- **Records**:
────

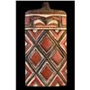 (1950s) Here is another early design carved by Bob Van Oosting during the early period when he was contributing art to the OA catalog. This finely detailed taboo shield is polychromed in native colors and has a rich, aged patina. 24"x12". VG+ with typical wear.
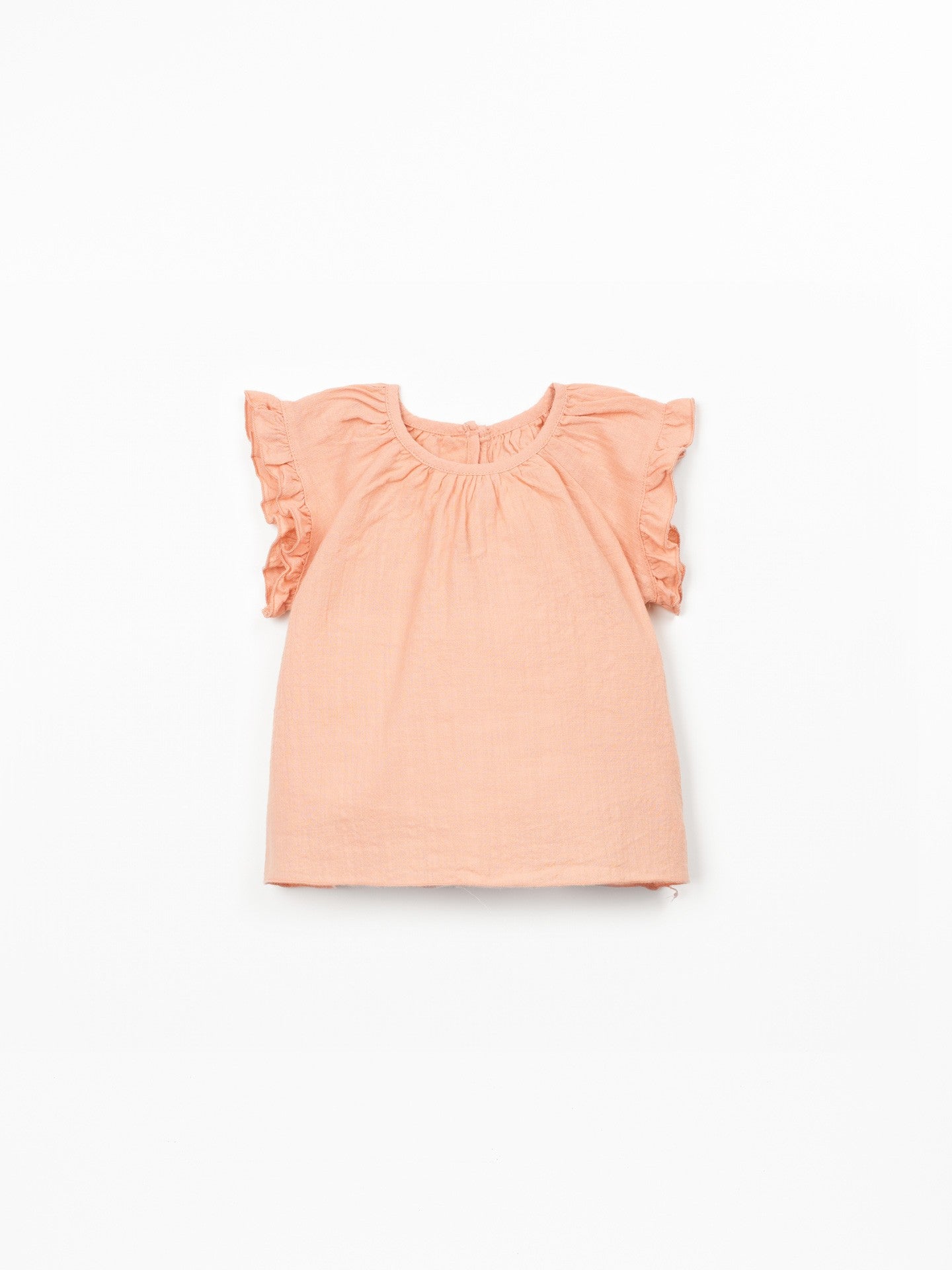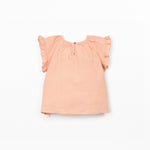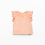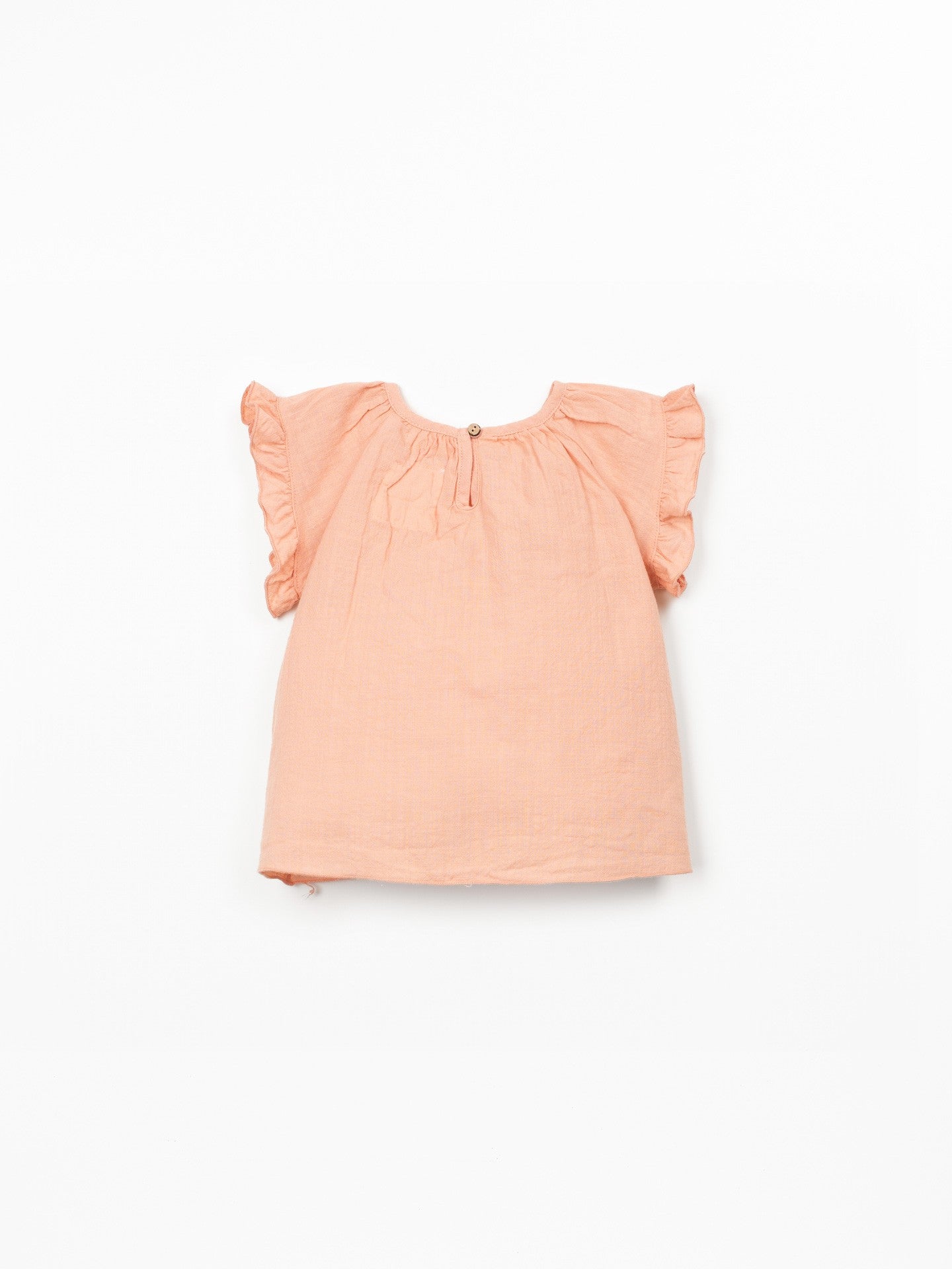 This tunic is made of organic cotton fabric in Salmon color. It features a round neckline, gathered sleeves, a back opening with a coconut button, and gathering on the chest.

────

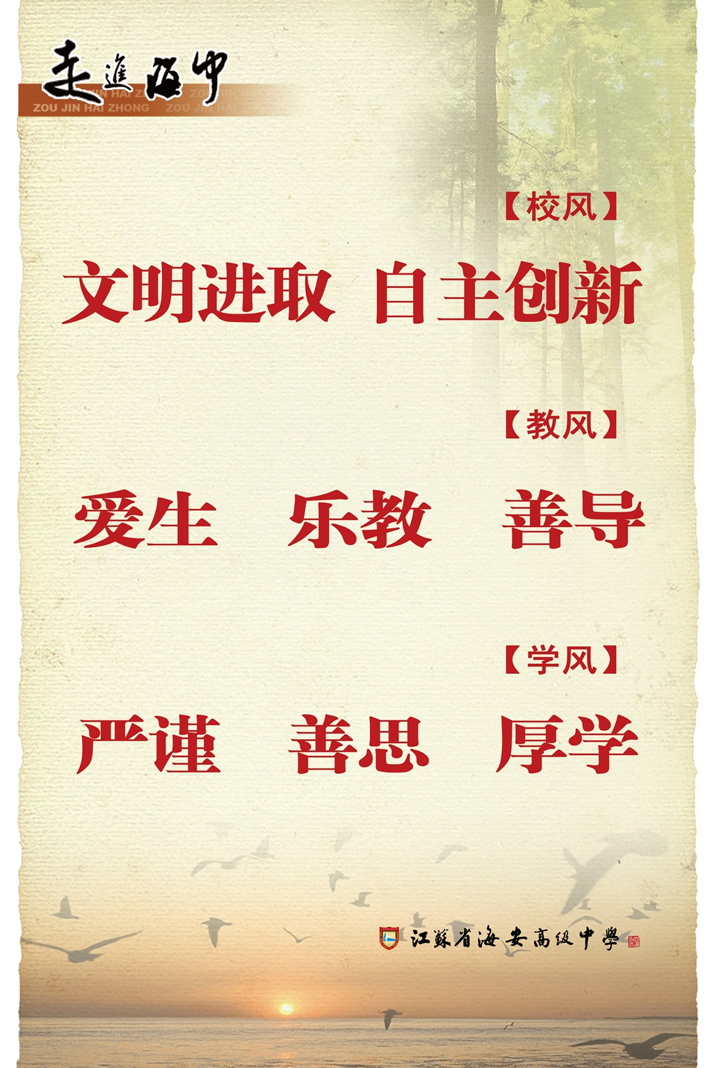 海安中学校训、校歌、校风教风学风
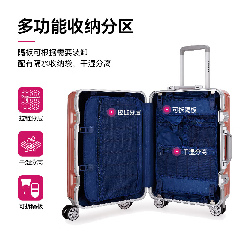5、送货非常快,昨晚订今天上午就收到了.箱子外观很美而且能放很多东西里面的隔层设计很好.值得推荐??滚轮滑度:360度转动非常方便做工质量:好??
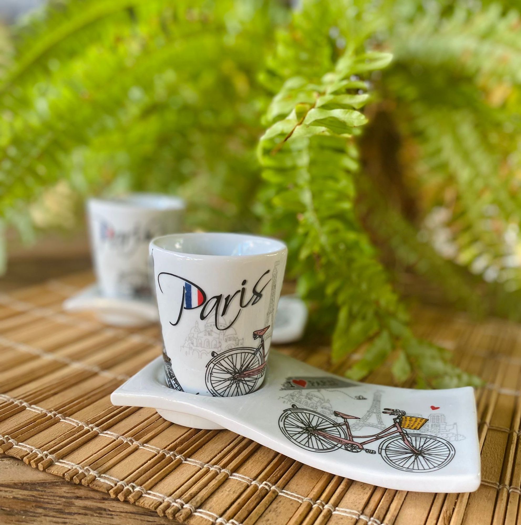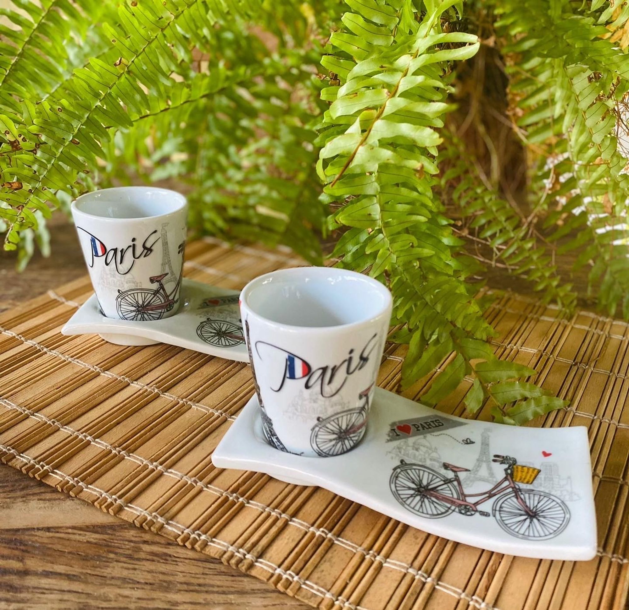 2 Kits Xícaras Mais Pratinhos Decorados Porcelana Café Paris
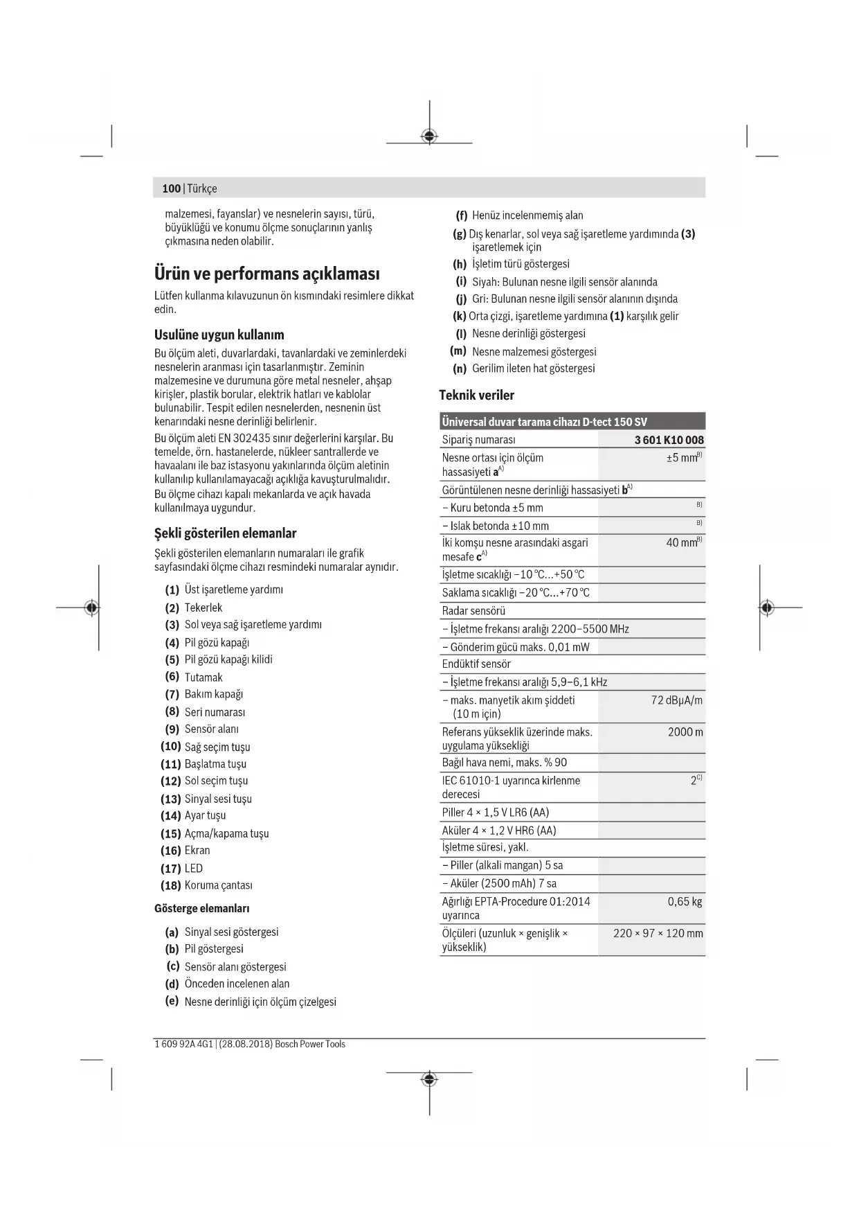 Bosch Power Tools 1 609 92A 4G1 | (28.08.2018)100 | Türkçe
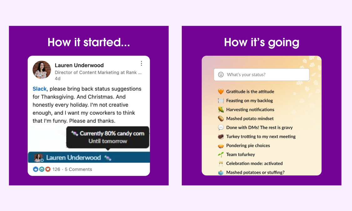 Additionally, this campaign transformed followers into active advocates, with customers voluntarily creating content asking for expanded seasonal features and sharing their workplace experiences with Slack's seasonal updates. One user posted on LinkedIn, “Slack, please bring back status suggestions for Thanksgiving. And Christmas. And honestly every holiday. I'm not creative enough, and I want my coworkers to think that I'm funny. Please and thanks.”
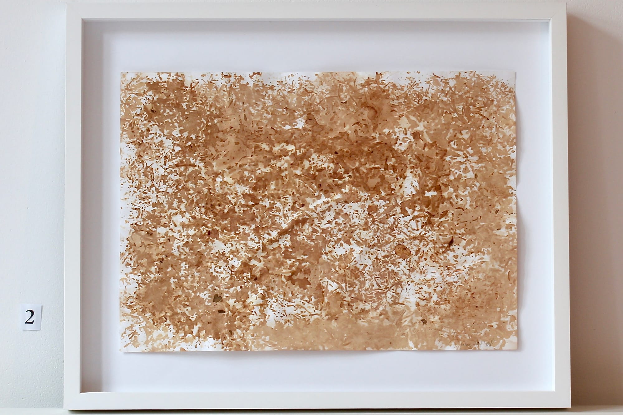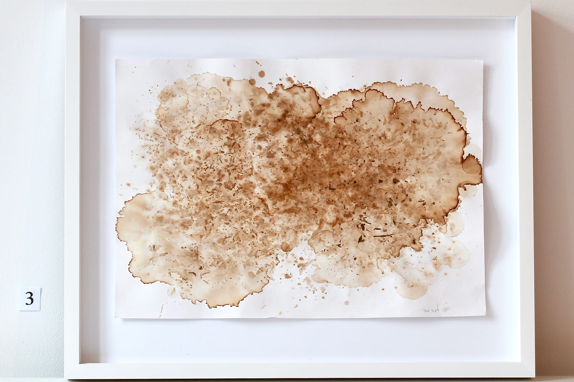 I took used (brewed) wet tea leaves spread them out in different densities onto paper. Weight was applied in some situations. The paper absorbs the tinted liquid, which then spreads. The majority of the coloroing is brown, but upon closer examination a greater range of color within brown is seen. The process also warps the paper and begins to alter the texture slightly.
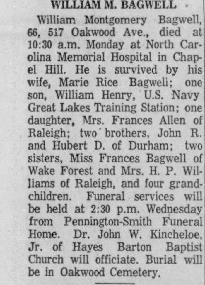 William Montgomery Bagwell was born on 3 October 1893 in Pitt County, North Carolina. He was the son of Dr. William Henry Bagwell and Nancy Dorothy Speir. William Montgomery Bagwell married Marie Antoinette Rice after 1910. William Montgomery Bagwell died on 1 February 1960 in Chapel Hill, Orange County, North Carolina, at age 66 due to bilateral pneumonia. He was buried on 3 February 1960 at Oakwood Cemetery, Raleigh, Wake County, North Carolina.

────

- **Problem statement**:
Starting with the line above that holds "I took used", restate each line word for word up to and including the line that holds "William Montgomery Bagwell was". Drop the pictures.

- **Task solution**:
 I took used (brewed) wet tea leaves spread them out in different densities onto paper. Weight was applied in some situations. The paper absorbs the tinted liquid, which then spreads. The majority of the coloroing is brown, but upon closer examination a greater range of color within brown is seen. The process also warps the paper and begins to alter the texture slightly.
 William Montgomery Bagwell was born on 3 October 1893 in Pitt County, North Carolina. He was the son of Dr. William Henry Bagwell and Nancy Dorothy Speir. William Montgomery Bagwell married Marie Antoinette Rice after 1910. William Montgomery Bagwell died on 1 February 1960 in Chapel Hill, Orange County, North Carolina, at age 66 due to bilateral pneumonia. He was buried on 3 February 1960 at Oakwood Cemetery, Raleigh, Wake County, North Carolina.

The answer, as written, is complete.